3. Depreciation period According to the accounting standards, the depreciation period of fixed assets is determined by the enterprise according to the actual situation. There is no specific fixed number of years, but the tax law stipulates the depreciation period, including: buildings and structures are not less than 20 years; Aircraft, trains, ships, machinery and other production equipment should be no less than 10 years; Appliances, tools and furniture (related to production activities) shall be no less than 5 years; Vehicles other than airplanes, trains and ships shall be no less than 4 years; Electronic equipment should be used for at least 3 years.

Because there is no specific fixed number of years in accounting, the general enterprise will choose the fixed number of years appropriately according to the performance of the enterprise without violating the tax regulations.
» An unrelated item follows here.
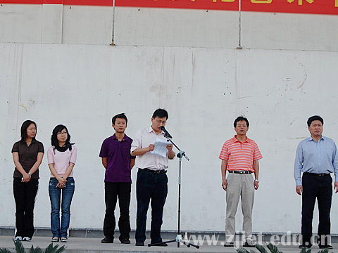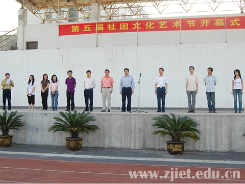开幕式上,吴刚群老师代表学院团委作了讲话。他肯定了近年来学院社团工作取得的成绩,同时对今后社团工作提出了要求。他希望社团建设能在促进校园文化的建设,培养全面发展高素质创新人才和弘扬民族精神等发面发挥更大的作用。之后,团委社团管理中心主任沈丽同学也代表全体社团成员发言。在激昂团歌声中党委宣传部部长潘春胜老师和学生处处长许兴苗老师为本届文化节吉祥物“乐乐”揭幕,党委书记童学敏老师宣布第五届社团文化艺术节开幕。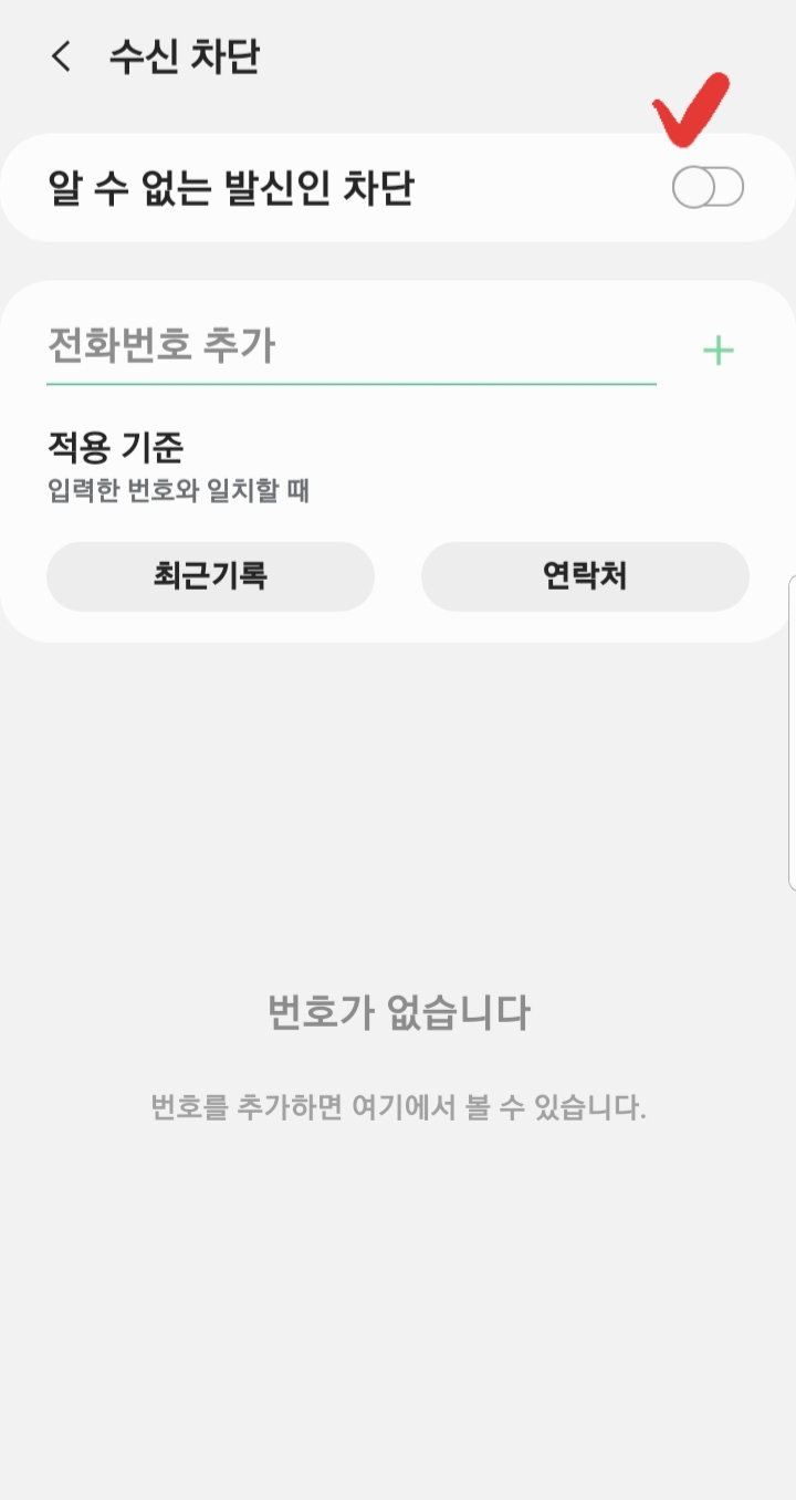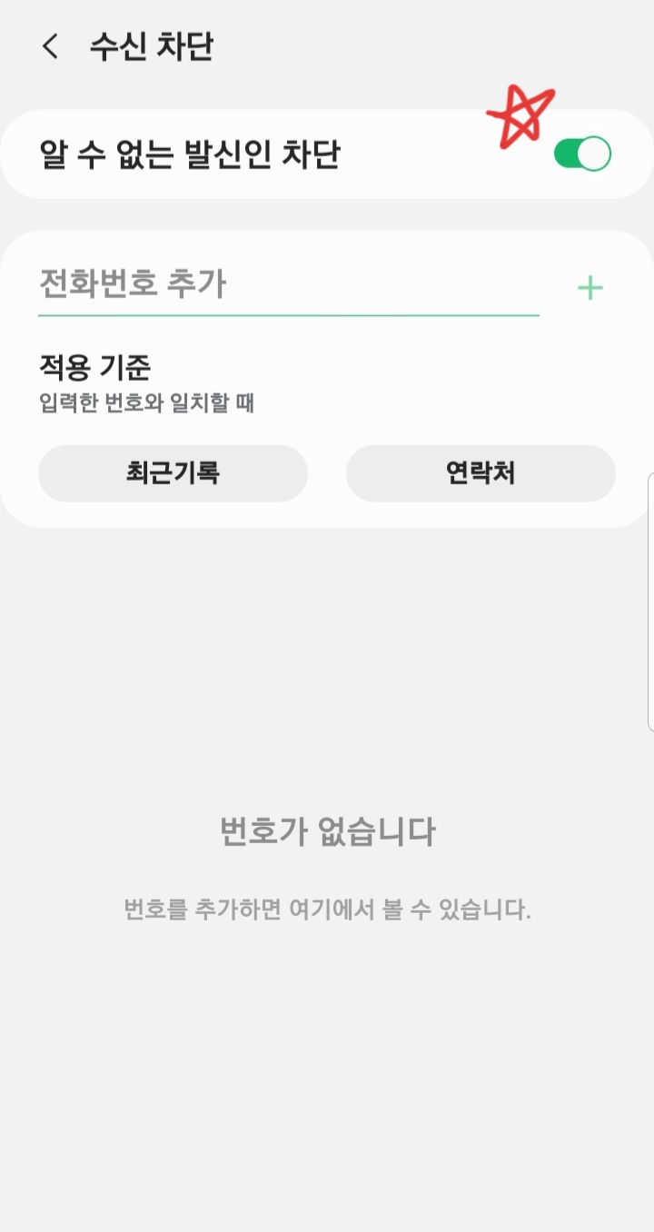 저의 사례처럼 '번호를 숨긴 발신자'만 차단하려면 아래와 같이 버튼이 활성화 되었는지 확인하면 됩니다. 버튼이 오른쪽으로 움직이면서 색상이 생겨야 합니다.

If the enterprise does not want to pay more taxes, the depreciation period will be shorter; If you want performance, the reverse is also true.

4. Depreciation accrual methods Generally speaking, depreciation accrual methods include average life method, workload method and accelerated depreciation method. And the tax has strict requirements on this piece, so I won't discuss it here.

(D) the use of bad debt reserves

The accounting methods of bad debts of enterprises generally include specific identification method, balance percentage method and aging analysis method, among which aging analysis method is widely used by enterprises, and some enterprises combine specific identification method with aging analysis method, which is allowed by the accounting standards for enterprises.